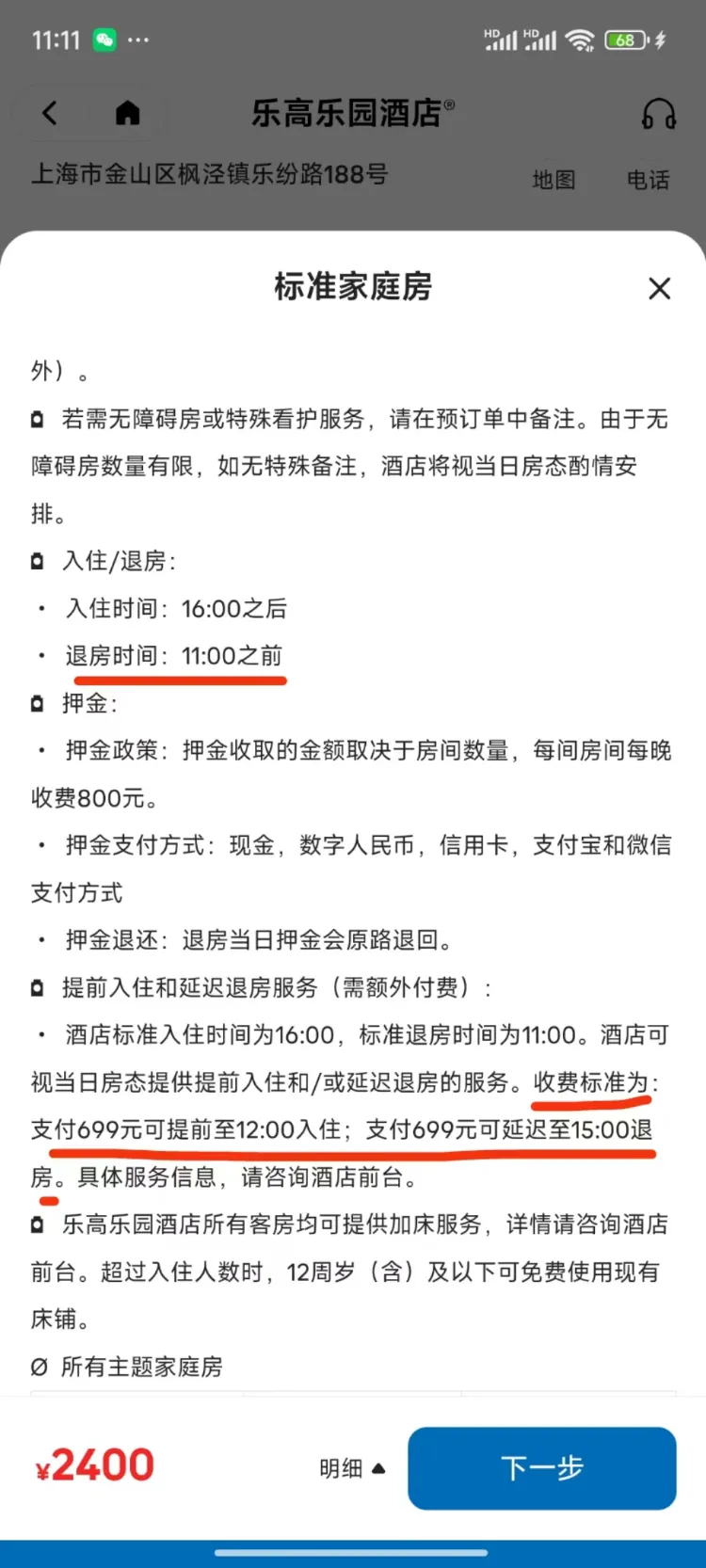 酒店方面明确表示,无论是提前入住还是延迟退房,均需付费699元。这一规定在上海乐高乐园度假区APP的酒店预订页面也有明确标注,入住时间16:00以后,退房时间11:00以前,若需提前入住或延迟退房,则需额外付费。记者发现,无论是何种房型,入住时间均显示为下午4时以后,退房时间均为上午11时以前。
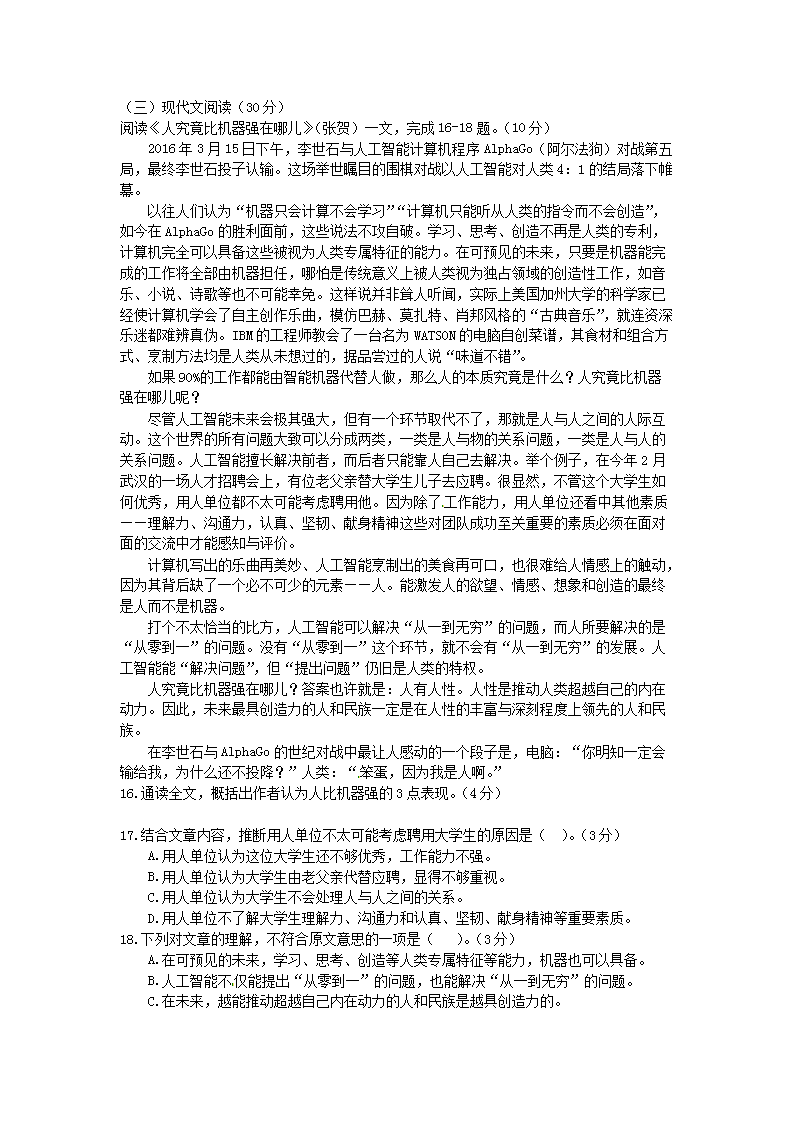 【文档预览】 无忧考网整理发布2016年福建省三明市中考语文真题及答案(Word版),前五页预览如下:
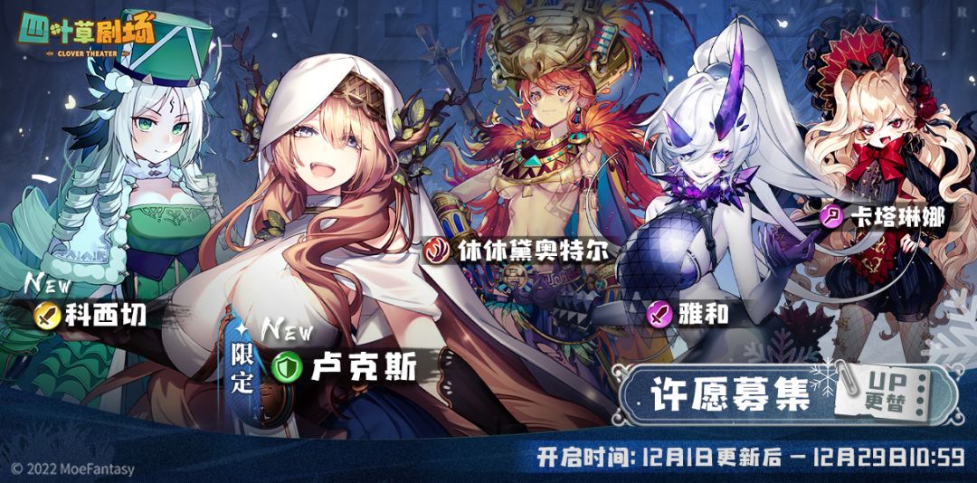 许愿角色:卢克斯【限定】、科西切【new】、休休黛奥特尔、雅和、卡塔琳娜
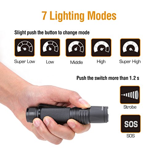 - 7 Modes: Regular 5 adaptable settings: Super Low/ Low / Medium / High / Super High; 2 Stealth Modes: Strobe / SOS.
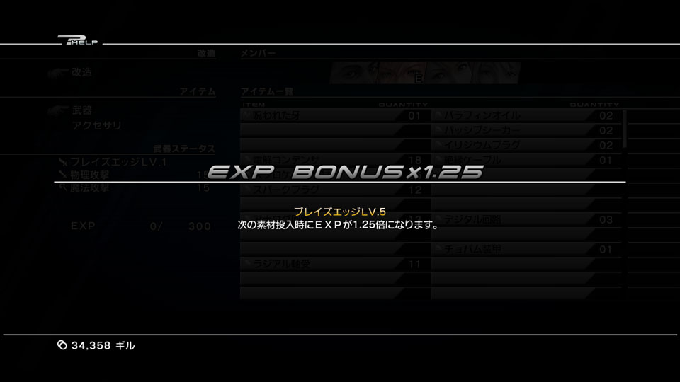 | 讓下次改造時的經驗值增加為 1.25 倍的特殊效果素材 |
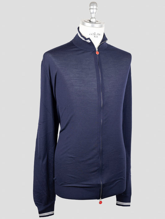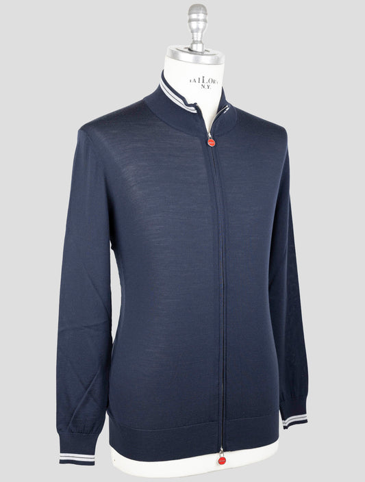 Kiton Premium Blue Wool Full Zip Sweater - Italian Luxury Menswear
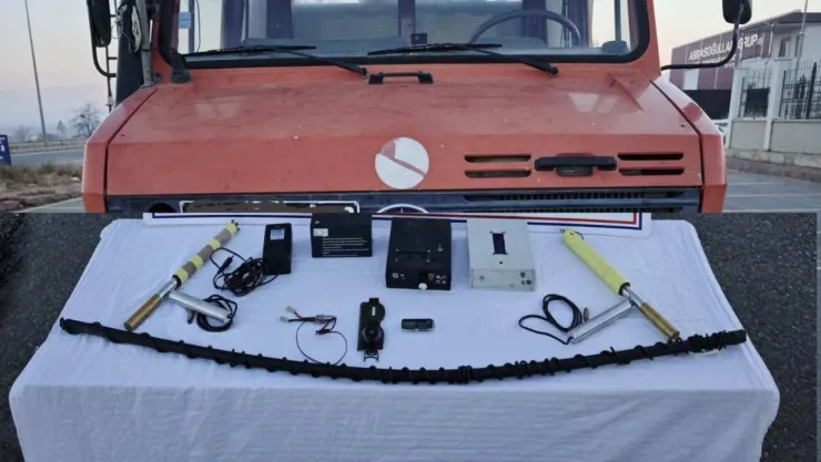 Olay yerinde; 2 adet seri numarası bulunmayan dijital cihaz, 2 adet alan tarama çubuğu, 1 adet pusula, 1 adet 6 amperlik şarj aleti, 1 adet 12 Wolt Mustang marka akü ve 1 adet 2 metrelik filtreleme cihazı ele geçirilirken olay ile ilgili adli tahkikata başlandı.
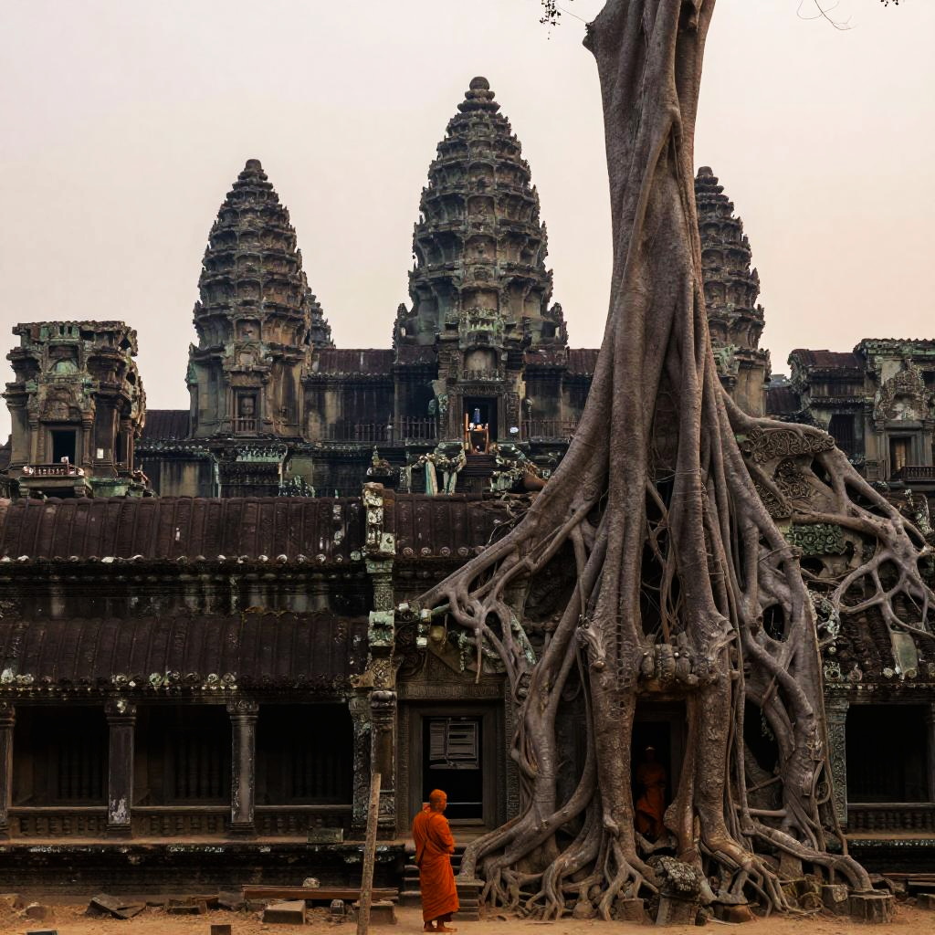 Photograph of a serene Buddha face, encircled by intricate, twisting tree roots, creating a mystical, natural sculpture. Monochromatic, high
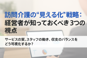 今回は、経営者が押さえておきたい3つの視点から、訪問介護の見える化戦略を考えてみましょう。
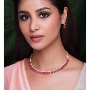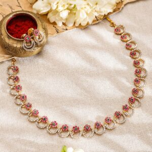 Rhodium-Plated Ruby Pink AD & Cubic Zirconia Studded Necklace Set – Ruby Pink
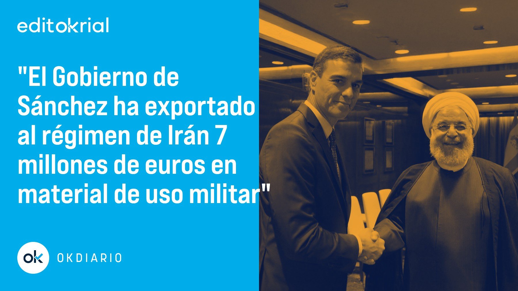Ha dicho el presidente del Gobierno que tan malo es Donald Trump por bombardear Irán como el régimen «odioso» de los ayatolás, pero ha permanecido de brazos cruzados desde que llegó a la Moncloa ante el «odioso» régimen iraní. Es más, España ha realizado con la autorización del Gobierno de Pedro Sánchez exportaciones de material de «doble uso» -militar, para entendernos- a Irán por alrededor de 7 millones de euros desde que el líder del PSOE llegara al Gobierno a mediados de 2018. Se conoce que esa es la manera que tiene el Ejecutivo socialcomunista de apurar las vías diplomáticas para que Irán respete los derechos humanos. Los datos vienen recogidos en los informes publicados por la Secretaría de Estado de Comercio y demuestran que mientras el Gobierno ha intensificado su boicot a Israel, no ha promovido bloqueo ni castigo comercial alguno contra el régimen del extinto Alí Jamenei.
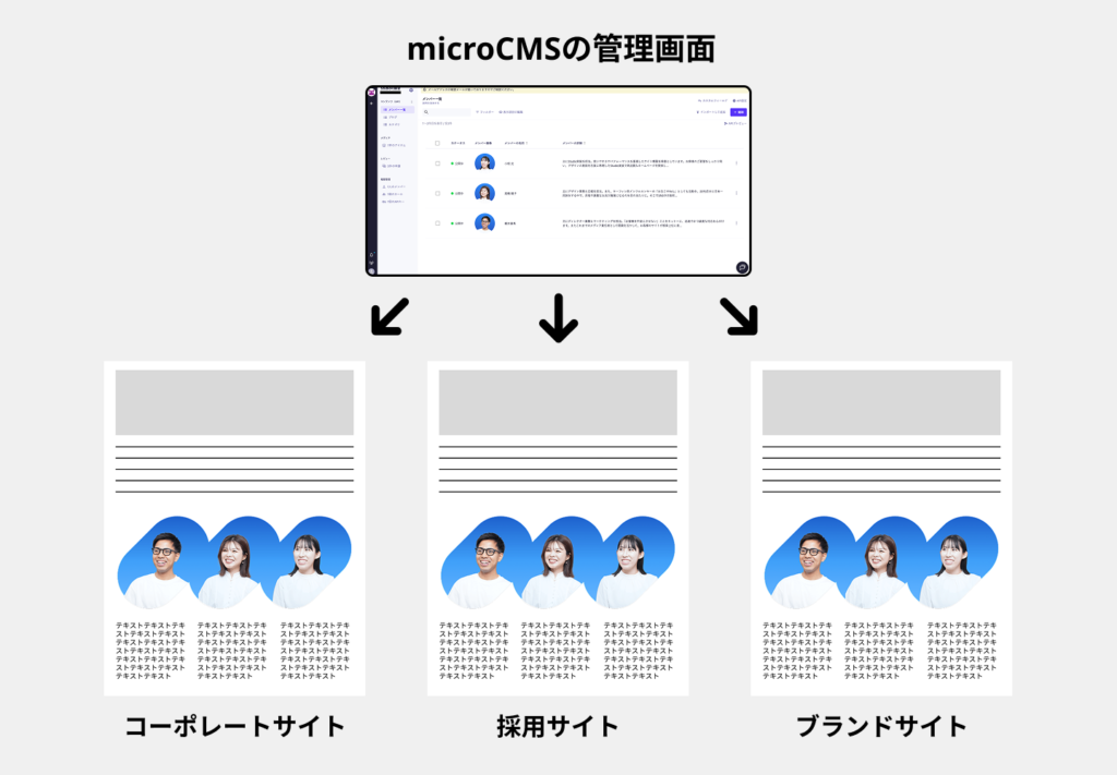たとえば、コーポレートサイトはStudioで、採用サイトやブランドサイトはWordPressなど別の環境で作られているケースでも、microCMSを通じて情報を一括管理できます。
● ● ● ●
_TASK TO COMPLETE_
The data above holds the lines to copy: start at the one with "许愿角色:卢克斯【限定】、科西切【new】、休休黛奥特尔、雅和、卡塔琳娜", stop at the one with "Rhodium-Plated Ruby Pink", include both, copy them exactly without pictures, and copy nothing else.

_TASK ANSWER_
 许愿角色:卢克斯【限定】、科西切【new】、休休黛奥特尔、雅和、卡塔琳娜
 - 7 Modes: Regular 5 adaptable settings: Super Low/ Low / Medium / High / Super High; 2 Stealth Modes: Strobe / SOS.
 | 讓下次改造時的經驗值增加為 1.25 倍的特殊效果素材 |
 Kiton Premium Blue Wool Full Zip Sweater - Italian Luxury Menswear
 Olay yerinde; 2 adet seri numarası bulunmayan dijital cihaz, 2 adet alan tarama çubuğu, 1 adet pusula, 1 adet 6 amperlik şarj aleti, 1 adet 12 Wolt Mustang marka akü ve 1 adet 2 metrelik filtreleme cihazı ele geçirilirken olay ile ilgili adli tahkikata başlandı.
 Photograph of a serene Buddha face, encircled by intricate, twisting tree roots, creating a mystical, natural sculpture. Monochromatic, high
 今回は、経営者が押さえておきたい3つの視点から、訪問介護の見える化戦略を考えてみましょう。
 Rhodium-Plated Ruby Pink AD & Cubic Zirconia Studded Necklace Set – Ruby Pink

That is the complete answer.